Bajo este entendido, las situaciones jurídicas no consolidadas son aquellas que al momento de producirse el fallo se debatían o eran susceptibles de debatirse ante las autoridades administrativas o ante la jurisdicción contenciosa, por consiguiente, las situaciones jurídicas consolidadas serán aquellas situaciones subjetivas y particulares que ya han quedado en firme, o que han sido objeto de pronunciamiento judicial, que ha hecho tránsito a cosa juzgada.
(…) 2.2.8. En tratándose de derechos laborales, debe precisarse que las situaciones jurídicas consolidadas, son aquellas que se encuentran cumplidas conforme con las normas que así lo prescriben y, además, sean acordes con el mandato constitucional. En materia de derecho administrativo laboral, la protección o respeto por los denominados “derechos adquiridos” apunta al mantenimiento de las situaciones jurídicas consolidadas en vigencia de la disposición que consagra el derecho.[83] Asimismo, se ha dicho que las situaciones jurídicas consolidadas durante la vigencia de la legislación anterior, constituyen derechos adquiridos, lo que se diferencia de las meras expectativas definidas como aquellas relaciones jurídicas en las cuales los supuestos fácticos previstos por la norma anterior no se han cumplido.[84] (…) 2.2.11.

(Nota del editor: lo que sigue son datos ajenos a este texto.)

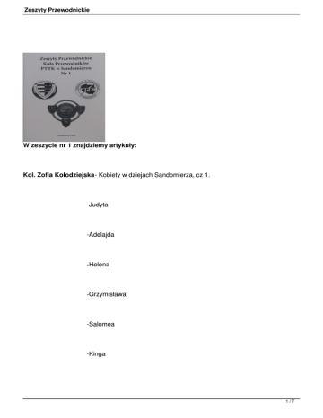 Zeszyty Przewodnickie W zeszycie nr 1 znajdziemy artykuły: Kol. Zofia Kołodziejska- Kobiety w dziejach Sandomierza, cz 1. -Judyta -Adelajda -Helena -Grzymisława -Salomea -Kinga 1/7 Zeszyty Przewodnickie -Gryfina -Halina Krępianka -Jolenta / Helena / -Jadwiga -Adelajda -Jadwiga Andegaweńska -Zofia Drucka -Barbara-cesarzowa Kol. Tomisław Giergiel - Średniowieczne rycerstwo w krajobrazie Sandomierza Kol. Marek Juszczyk - Kościół pw. Nawrócenia św. Pawła w Sandomierzu 2/7 Zeszyty Przewodnickie Zeszyt nr 2 w całości poświęcony wspomnieniu śp. Ks. Bpa Mariana Zimałka. W zeszycie nr 3 znajdziemy artykuły: 3/7 Zeszyty Przewodnickie Kol. Andrzej Cebula - Materiał szkoleniowy- Historia zmagań wojennych 1809 roku w Sandomierzu. Bitwa pod Wrzawami. Kol. Jolanta Leszczyńska - Materiał szkoleniowy - Kościół pw. św. Józefa i zespół poreformacki. W zeszycie nr 4 znajdziemy artykuły: Kol. Marek Juszczyk - Trześń Dr Marek Florek - Zagadki grodów zawichojskich Kol. Marek Juszczyk - Przewodniku czy wiesz? Czy pamiętasz? 4/7 Zeszyty Przewodnickie - 10 zasad dobrego mówcy - 10 zasad dobrego słowa w przekazie przewodnickim - jak jesteśmy postrzegani przez uczestników imprezy - strefa kontaktu - 10 cech przewodnika - odpowiedzialność prawna przewodników. Kol. Marek Juszczyk - Dekoracja malarska o tematyce sejmikowej w kolegiacie opatowskiej Archiwalne zdjęcia naszych koleżanek i kolegów. 5/7 Zeszyty Przewodnickie W zeszycie nr --5Staniek znajdziemy artykuły: Kol. Krzysztof -- Sanktuaria Maryjne diecezji Sandomierskiej Sulisławice Ziemi Sandomierskiej, Ożarów Różańcowa Rodzin, Tarnobrzeg - Pani Różańcowa Matka Boża Dzikowska, Radomyśl - -Matka Boża Bolesna, Janów Lubelski -Czarny Łaskawa Różańcowa Matka legenda Bożadla Janowska. Andrzej Cebula oprowadzania wycieczek ---- Rola turystyki wKrólowa życiu osób niepełnosprawnych. Metodyka Kol. Marek Juszczyk Uwagi na temat dostępności osób niepełnosprawnych Marian Więcław Zawisza zpracowników Garbowa - Sandomierza człowiek W 100 lecie zorganizowanego krajoznawstwa w Sandomierzu Kol. Marek Juszczyk pochowanych na cmentarzach Lista działaczy, w Sandomierzu i okolicy i przewodników PTK-PTTK Janusz Pawłowski - Medale i odznaki Kol. Jakub Wrześniak Cichy kącik piosenki turystycznej Marek Juszczyk - Minął Roczek! - Pośpiewanki turystyczne. W zeszycie nr Podstawowe 6 znajdziemy artykuły: -Tomisław Giergiel -"caput Średniowieczny fryz dlapielgrzymkowy heraldyczny przewodników w bazylice turystycznych. katedralnej w Krzysztof Staniek Sandomierski szlak -Sandomierzu. Marek Łygas Aniołowie iinformacje putta Juszczyk budowle Zawichostu. Terrae sandomiriensis"głowa ziemi sandomierskiej. Halina Stec-Kwaśniewicz Gombrowiczowie w Jakubowicach. -Monumentalne Marek Juszczyk Dworek Skorupskich. Halina Stec-Kwaśniewicz szkoleniowej. Śmiłów i współczesność. Na marginesie -wycieczki Sylwia Mironiuk "Blachowanie" czyliprzeszłość otrzęsiny przewodnickie 2011. Odeszli nas... -Z kronikiod Koła 6/7 Zeszyty Przewodnickie W zeszycie nr 7 artykuły: -Agnieszka Krzesimowska -Sandomierskie Soplicowo, dwór, gospodarze, goście -Krzysztof Staniek Najświętszej Maryiznajdziemy Panny Efez czy Jerozolima? Tradycje dotyczące ostatnich dni ariańskim ziemskiego życia -Elżbieta Juszczyk Kamienica-dwór w Ublinku k/Włostowa zwana zborem -Sylwia MironiukOtrzęsiny przewodnickie 2013 Z Kroniki Koła Odeszli od nas Zeszyty przewodnickie można zakupić w PTTK, ul.Rynek 12 w Sandomierzu 7/7

En ilación con lo expuesto, los fallos de nulidad proferidos por el Consejo de Estado tienen efectos ex tunc, es decir, retrotraen la situación a como se encontraba antes de haberse proferido el acto anulado, sin afectar las situaciones jurídicas que se consolidaron, las cuales, conforme la jurisprudencia de lo contencioso administrativo, son aquellas que han quedado en firme, o han sido objeto de pronunciamiento judicial, es decir, que han hecho tránsito a cosa juzgada, por tanto, no son susceptibles de debatirse ni jurídica ni administrativamente.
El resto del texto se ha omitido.